((

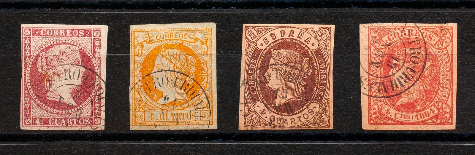 48, 52, 58, 64. (1855ca). Set of four 4- cuartos stamps red, yellow, brown and pink, unused with CASTRO URDIALES / SANTANDER postmark. MAGNIFICENT.
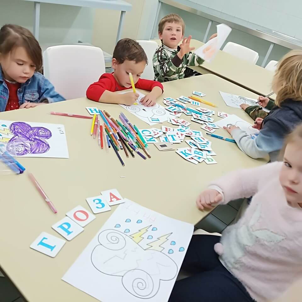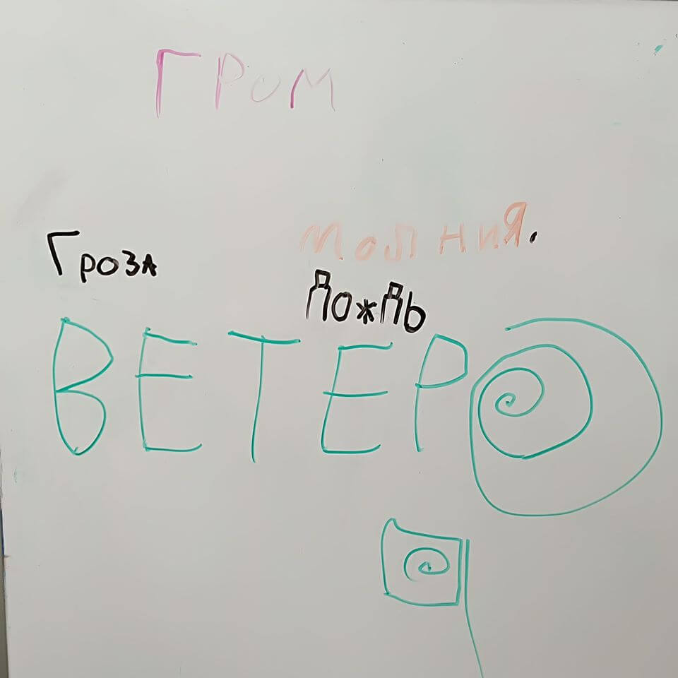 Новости из наших подготовительных групп. В этой четверти в оранжевых группах мы изучаем природные явления. На прошлом занятия ребята познакомились с таким явлением, как гроза. Мы обсудили, что такое гроза, что бывает во время грозы, как возникает гроза и как себя вести во время грозы. Ребята с большим удовольствием писали слова на доске и разукрашивали рисунок на тему грозы.
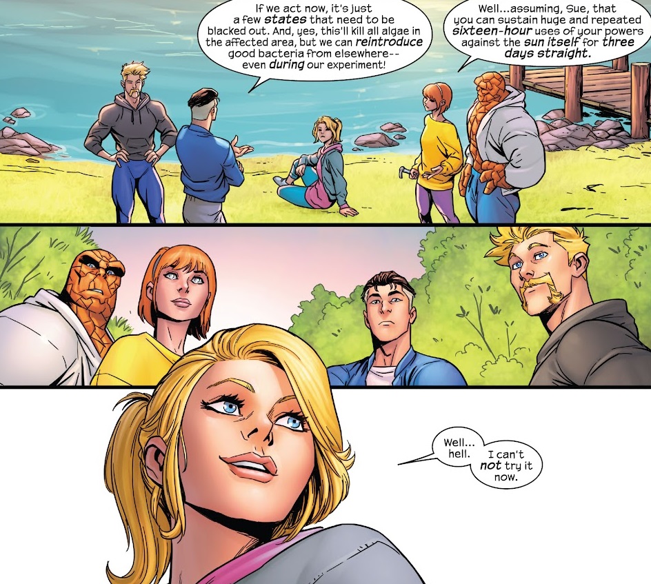 The Fantastic Four discover a nearby lake that has been infected with mirror bacteria, introduced last issue. They clean it up, but realize that the bacteria has likely spread to other nearby lakes, and is therefore moving too fast for just the five of them to clean up. So they science it out and decide that Sue is going to fly into space in order to make the sun’s rays invisible for large portion of the United States for three days to kill the bacteria — and plunge several states into total darkness for three days. Johnny goes to keep Sue company, while Reed, Ben and Alicia try to deal with an angry populace and some super-villains who try to take advantage of the darkness.
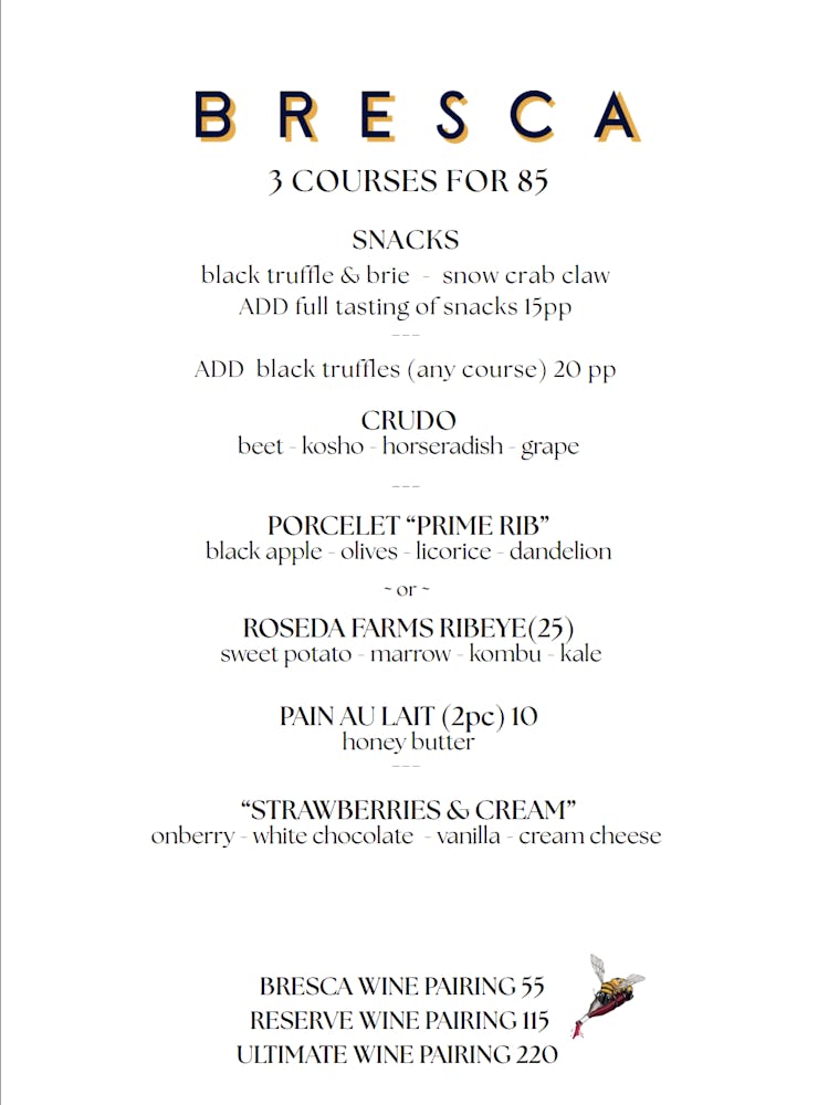 Bresca has been awarded Wine Spectator's Award of Excellence!
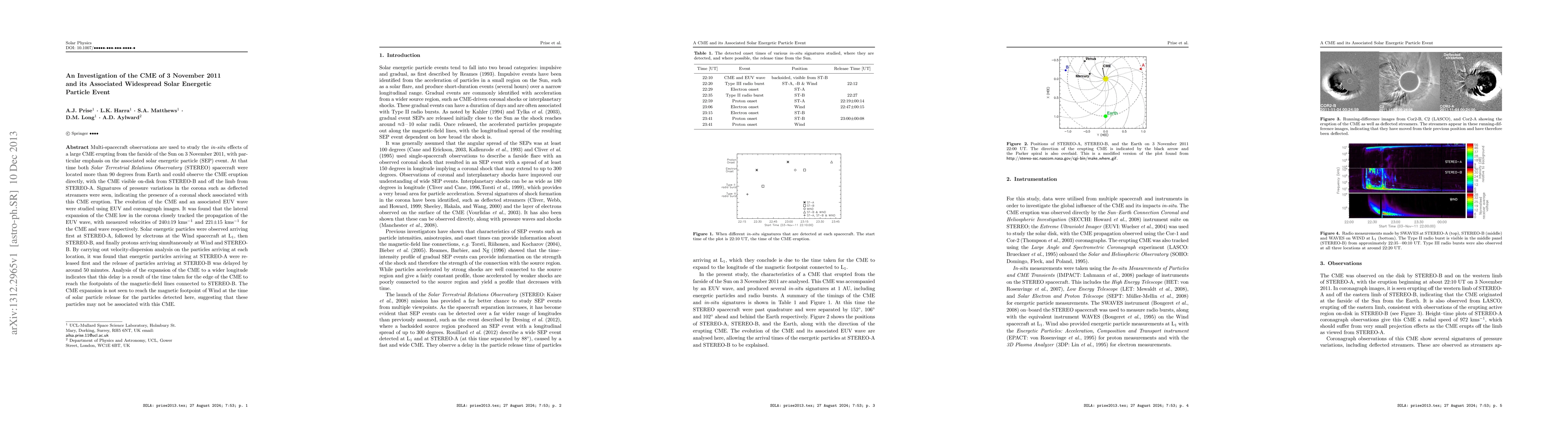 This study investigates the 3 November 2011 CME and its associated solar energetic particle event using multi-spacecraft observations. The CME's lateral expansion was found to track the propagation of an EUV wave, and particle release times varied, indicating a delay in particle arrival at STEREO-B due to the CME's magnetic-field line connection.
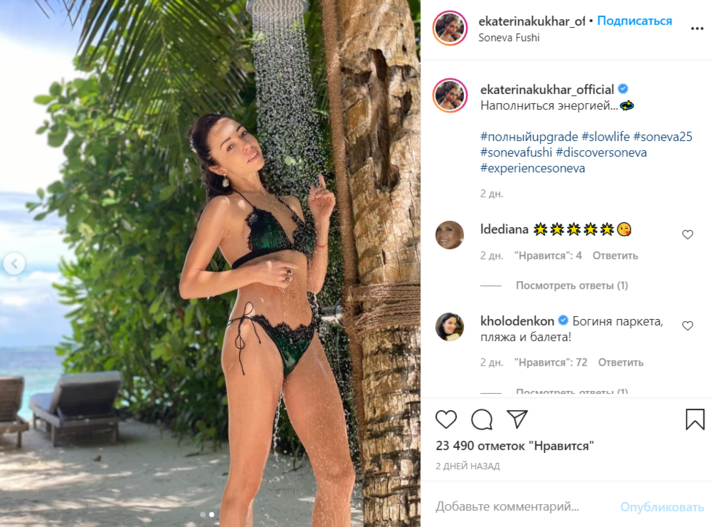 Прима-балерина национальной оперы Украины Екатерина Кухар продолжает делиться фотографиями с отдыха на Мальдивах.

))

◆ TASK DESCRIPTION
The answer must consist of the entries above, reproduced word for word, without any pictures.

◆ EXPECTED OUTPUT
 48, 52, 58, 64. (1855ca). Set of four 4- cuartos stamps red, yellow, brown and pink, unused with CASTRO URDIALES / SANTANDER postmark. MAGNIFICENT.
 Новости из наших подготовительных групп. В этой четверти в оранжевых группах мы изучаем природные явления. На прошлом занятия ребята познакомились с таким явлением, как гроза. Мы обсудили, что такое гроза, что бывает во время грозы, как возникает гроза и как себя вести во время грозы. Ребята с большим удовольствием писали слова на доске и разукрашивали рисунок на тему грозы.
 The Fantastic Four discover a nearby lake that has been infected with mirror bacteria, introduced last issue. They clean it up, but realize that the bacteria has likely spread to other nearby lakes, and is therefore moving too fast for just the five of them to clean up. So they science it out and decide that Sue is going to fly into space in order to make the sun’s rays invisible for large portion of the United States for three days to kill the bacteria — and plunge several states into total darkness for three days. Johnny goes to keep Sue company, while Reed, Ben and Alicia try to deal with an angry populace and some super-villains who try to take advantage of the darkness.
 Bresca has been awarded Wine Spectator's Award of Excellence!
 This study investigates the 3 November 2011 CME and its associated solar energetic particle event using multi-spacecraft observations. The CME's lateral expansion was found to track the propagation of an EUV wave, and particle release times varied, indicating a delay in particle arrival at STEREO-B due to the CME's magnetic-field line connection.
 Прима-балерина национальной оперы Украины Екатерина Кухар продолжает делиться фотографиями с отдыха на Мальдивах.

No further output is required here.